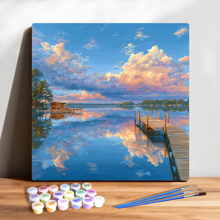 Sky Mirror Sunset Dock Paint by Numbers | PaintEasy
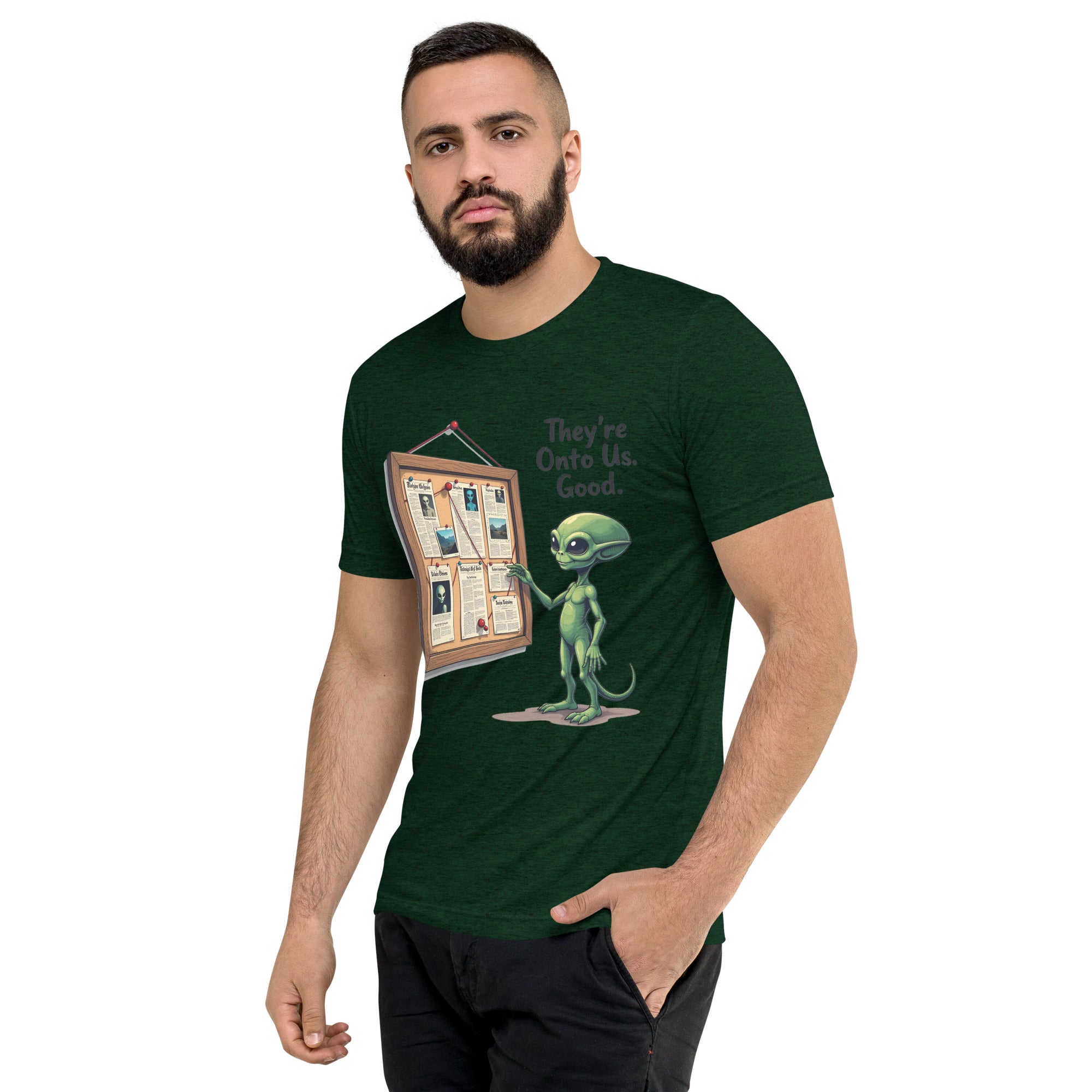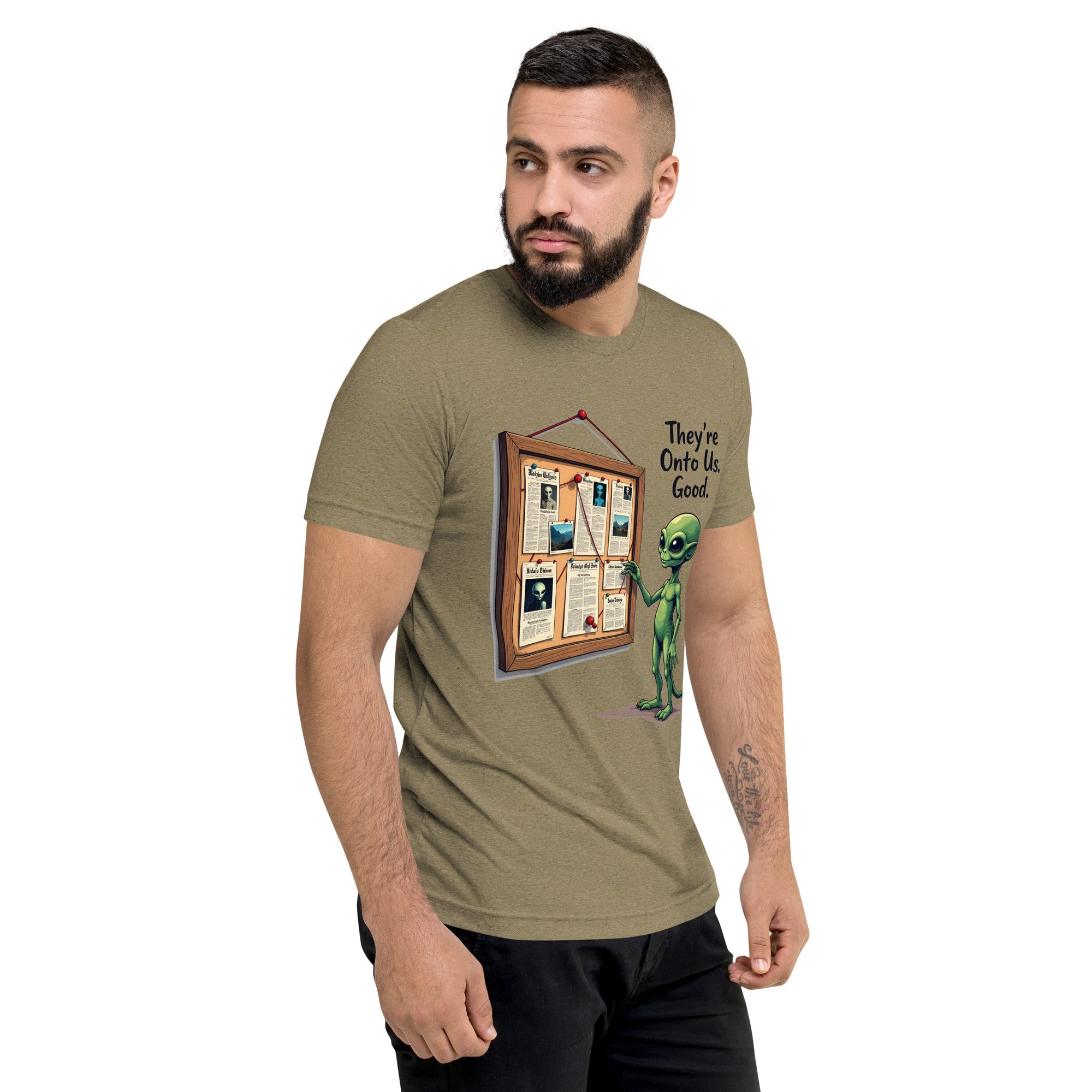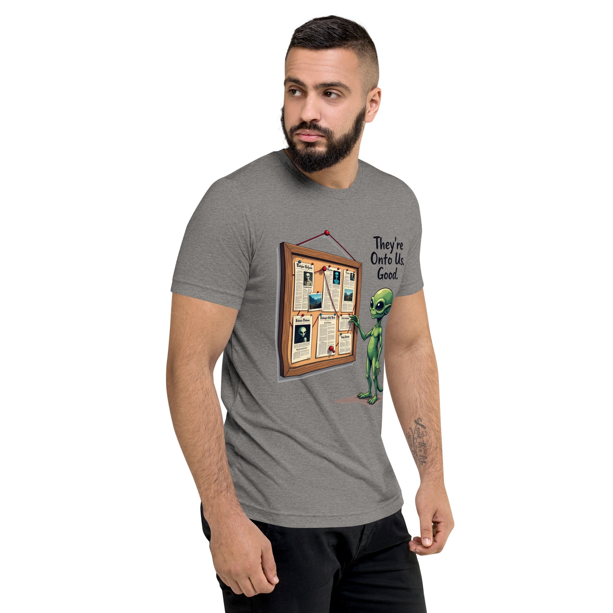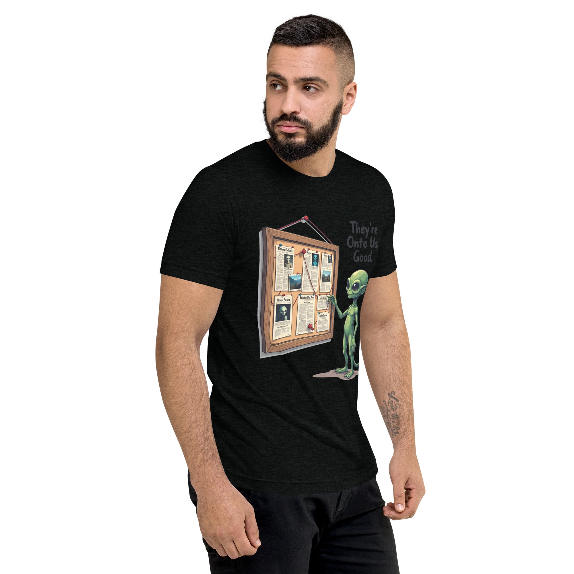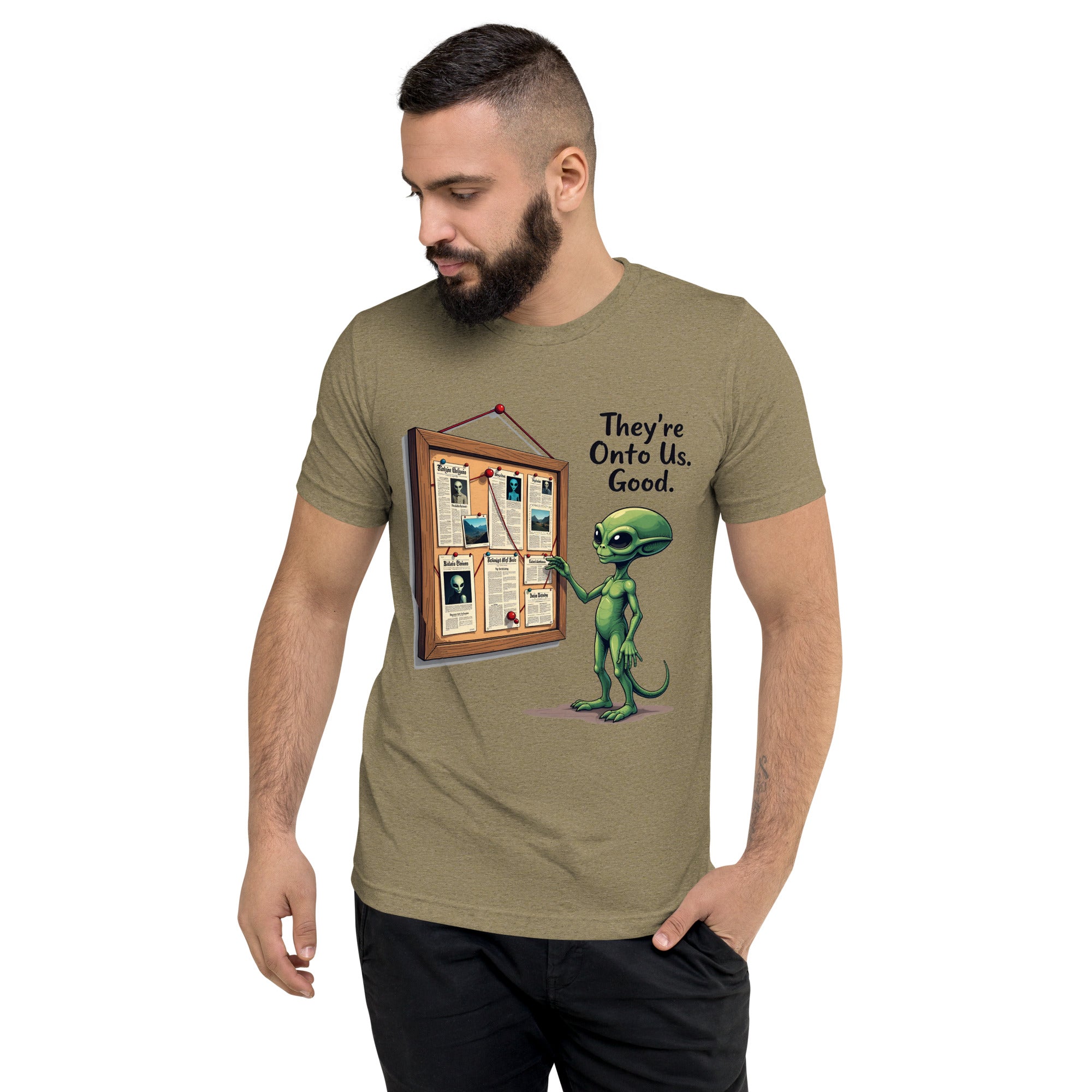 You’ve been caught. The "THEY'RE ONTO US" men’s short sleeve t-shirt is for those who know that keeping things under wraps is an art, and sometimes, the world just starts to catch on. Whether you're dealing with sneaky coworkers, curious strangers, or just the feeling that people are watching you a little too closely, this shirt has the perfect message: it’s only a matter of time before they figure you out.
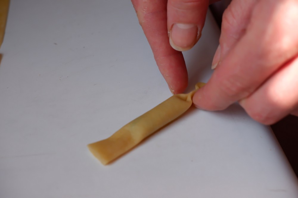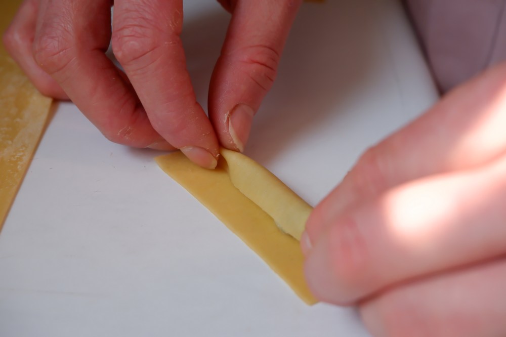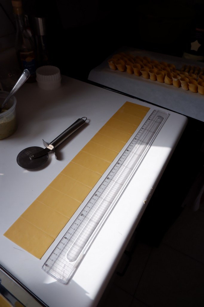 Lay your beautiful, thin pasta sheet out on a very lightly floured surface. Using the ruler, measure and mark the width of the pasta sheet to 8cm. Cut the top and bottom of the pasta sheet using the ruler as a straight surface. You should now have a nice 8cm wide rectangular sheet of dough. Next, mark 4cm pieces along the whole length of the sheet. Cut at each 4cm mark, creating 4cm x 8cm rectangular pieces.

[What you should do]: What you give back must be the data above, reproduced exactly and free of pictures.

[Exercise answer]:
 Sky Mirror Sunset Dock Paint by Numbers | PaintEasy
 You’ve been caught. The "THEY'RE ONTO US" men’s short sleeve t-shirt is for those who know that keeping things under wraps is an art, and sometimes, the world just starts to catch on. Whether you're dealing with sneaky coworkers, curious strangers, or just the feeling that people are watching you a little too closely, this shirt has the perfect message: it’s only a matter of time before they figure you out.
 Lay your beautiful, thin pasta sheet out on a very lightly floured surface. Using the ruler, measure and mark the width of the pasta sheet to 8cm. Cut the top and bottom of the pasta sheet using the ruler as a straight surface. You should now have a nice 8cm wide rectangular sheet of dough. Next, mark 4cm pieces along the whole length of the sheet. Cut at each 4cm mark, creating 4cm x 8cm rectangular pieces.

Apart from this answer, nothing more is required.